### WHAT YOU HAVE TO DO
Excluding pictures, reproduce word for word the lines from the one containing "晚会即将落幕时分,公寓中心与" through the end of the material below.
[Opening EXERCISE INPUT section]
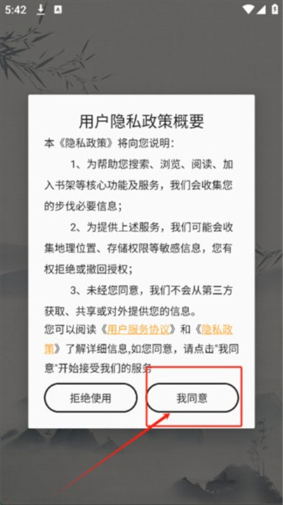 1、启动笔书亭纯净版应用,先同意相关的协议与政策后即可进入首页。
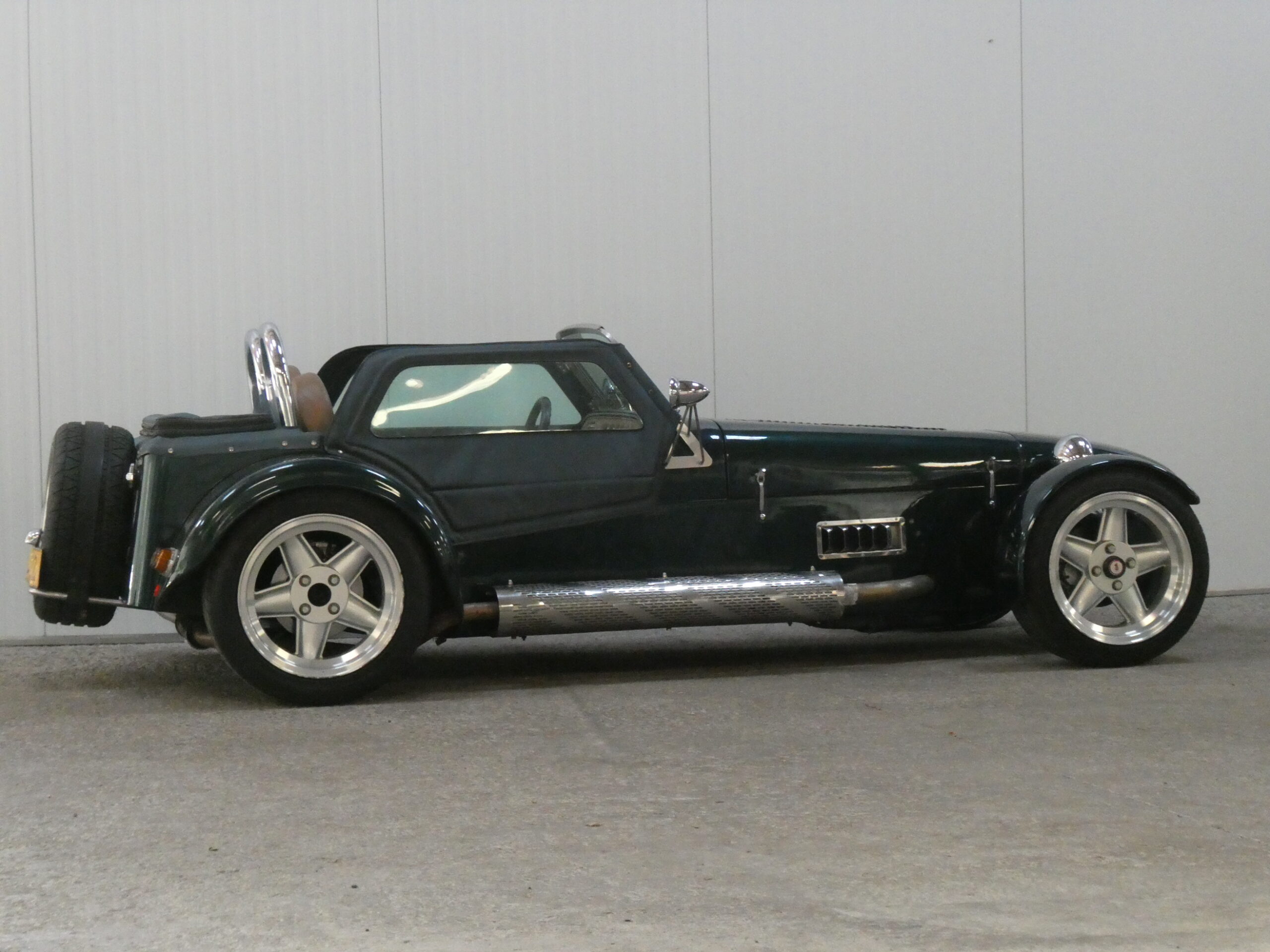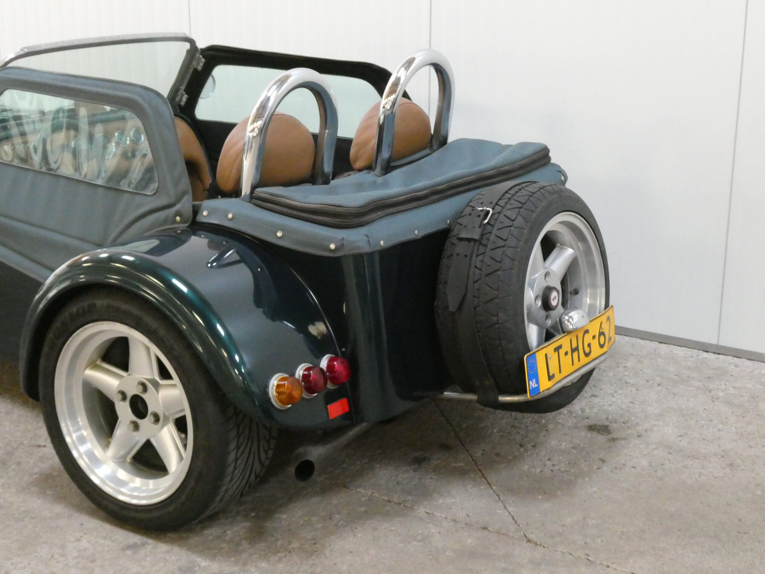 Het is een origineel links gestuurde auto, waardoor de uitlaat aan de rechterkant is geplaatst. Heel fijn bij het uitstappen (het kan een paar littekens schelen op den duur). 😉
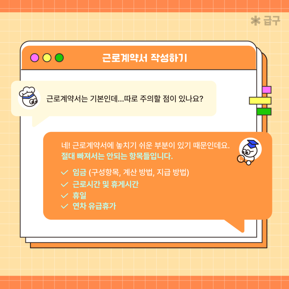 아르바이트 생 채용이 처음인 사장님이신가요? 알바앱 급구에서 근로계약서 작성 방법 부터 임금 지급의 원칙 종류와 의미, 수습기간 적용 여부 및 임금 계산법 핵심만 알려드려요!
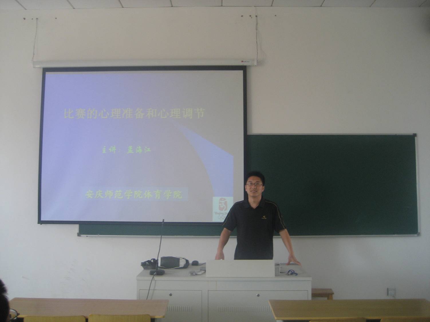 6月1日下午,公司孟海江老师在体育馆多媒体教室举行了“比赛的心理调节与心理定向”的学术讲座,XCSport50余名师生聆听了报告,XCSport副经理周多奇副教授主持了本次讲座。
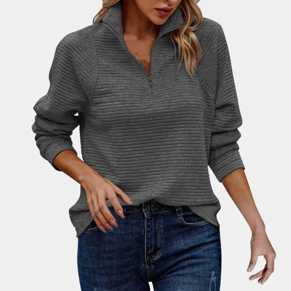 Questo maglione a coste con colletto e zip è perfetto per un look comodo e alla moda.
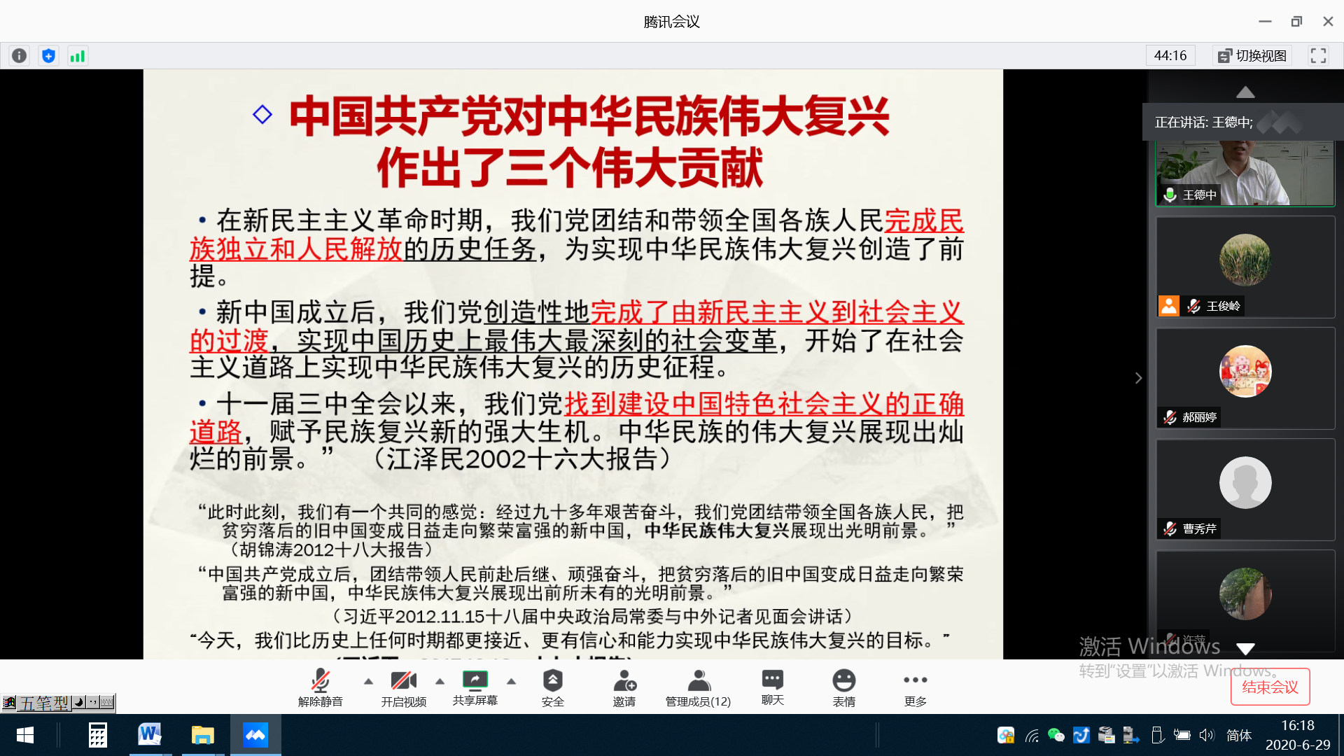 王德中教授是北京市中共党史学会理事,2006年被评为北京市优秀教师,2012年被评为北京教育系统优秀新闻宣传工作者。王教授的党课主要从中国近代史,共产党的党史,中华民族的伟大复兴,中国梦,共产党的投疫理念和精神等方面进行了深入浅出的梳理和讲解,深奥的哲理中穿插风趣幽默的故事,从大国抗疫到中美关系,从传大斗争到伟大思想,给支部党员带来了一次精神盛宴,使支部党员更加坚定了信念,淬炼了党性,以更加饱满的热情投入到抗疫中,投入到教学科研工作中。
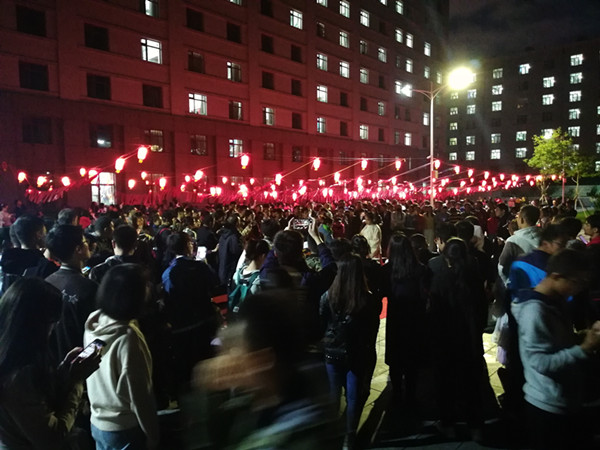 晚会即将落幕时分,公寓中心与过生日的同学们共享生日蛋糕,同学们自发的献曲献艺,赏月品饼,共度中秋佳节,甜在嘴里,情满心间……明月,红灯,微风,歌声,现场的师生们始终洋溢着和谐甜美的笑容……最后,灯谜会在同学们的依依不舍中落下帷幕。
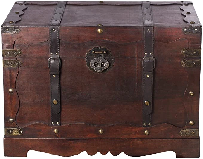 Voici la grande malle pirate ! Avec sa grande largeur, cette malle pirate et souvent utilisé comme table basse. En plus d’être un gros coffre de pirate, il te servira également de rangement supplémentaire pour tin intérieur ! cette malle pirate offre des finitions aux angles uniques ! Avec des gravures faites main par nos artisans ! Ce coffre et réaliser à la main !
[Closing EXERCISE INPUT section]
### YOUR SOLUTION
 晚会即将落幕时分,公寓中心与过生日的同学们共享生日蛋糕,同学们自发的献曲献艺,赏月品饼,共度中秋佳节,甜在嘴里,情满心间……明月,红灯,微风,歌声,现场的师生们始终洋溢着和谐甜美的笑容……最后,灯谜会在同学们的依依不舍中落下帷幕。
 Voici la grande malle pirate ! Avec sa grande largeur, cette malle pirate et souvent utilisé comme table basse. En plus d’être un gros coffre de pirate, il te servira également de rangement supplémentaire pour tin intérieur ! cette malle pirate offre des finitions aux angles uniques ! Avec des gravures faites main par nos artisans ! Ce coffre et réaliser à la main !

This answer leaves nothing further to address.